# TASK BRIEF
Retype all entries exactly, skipping pictures.

· · · ·

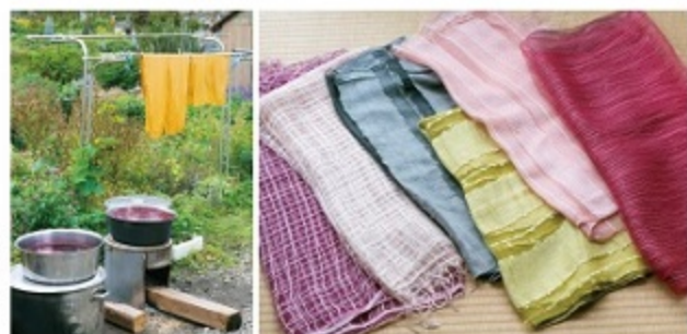
(右)ストール。生地は材質も様々 (左)工房の庭。アカネの根を煮出して、絞るという作業が出るそうだが、干してあるのは、薬方にも使われる黄金花(コガネバナ)の根で染めたのれん

の言う世界です」。地元の草木だけでなく、購入した草木染め染料も使い、同じ色で何度も染めて濃くしたり、最後に違う色で染めたりして、布や服を味わい深い色に仕上げています。「安全で安心して暮らせる田舎になるといいなと思って、草木染めはその一環のつもりです。無農薬での畑づくりも続けています。でも、自然に関わる仕事をしたいとは思っていません。まさか草木染めが仕事になるとはなあ」。福井カルチャーセンター「ふくい工芸舎」福井市自然博物館などで講師を務め、自分の工房でも教えています。「教えた人が上手になっていくのが楽しい。結局、英語教師の頃から教えることが好きなんです」
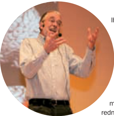
Die Hauptreferate gaben faszinierende Einblicke in spannende Themen.
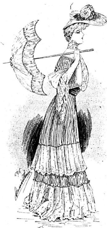
Toilette de Garden-Party. (Fig. 1.)

Ce modèle peut être très joliment reproduit en linon rayé et ajouré, garni de broderie anglaise au lieu d'Alençon; c'est moins chaud pour l'été, moins fragile aussi que la soie et quand

· · · ·

# TASK SOLUTION
(右)ストール。生地は材質も様々 (左)工房の庭。アカネの根を煮出して、絞るという作業が出るそうだが、干してあるのは、薬方にも使われる黄金花(コガネバナ)の根で染めたのれん

の言う世界です」。地元の草木だけでなく、購入した草木染め染料も使い、同じ色で何度も染めて濃くしたり、最後に違う色で染めたりして、布や服を味わい深い色に仕上げています。「安全で安心して暮らせる田舎になるといいなと思って、草木染めはその一環のつもりです。無農薬での畑づくりも続けています。でも、自然に関わる仕事をしたいとは思っていません。まさか草木染めが仕事になるとはなあ」。福井カルチャーセンター「ふくい工芸舎」福井市自然博物館などで講師を務め、自分の工房でも教えています。「教えた人が上手になっていくのが楽しい。結局、英語教師の頃から教えることが好きなんです」
Die Hauptreferate gaben faszinierende Einblicke in spannende Themen.
Toilette de Garden-Party. (Fig. 1.)

Ce modèle peut être très joliment reproduit en linon rayé et ajouré, garni de broderie anglaise au lieu d'Alençon; c'est moins chaud pour l'été, moins fragile aussi que la soie et quand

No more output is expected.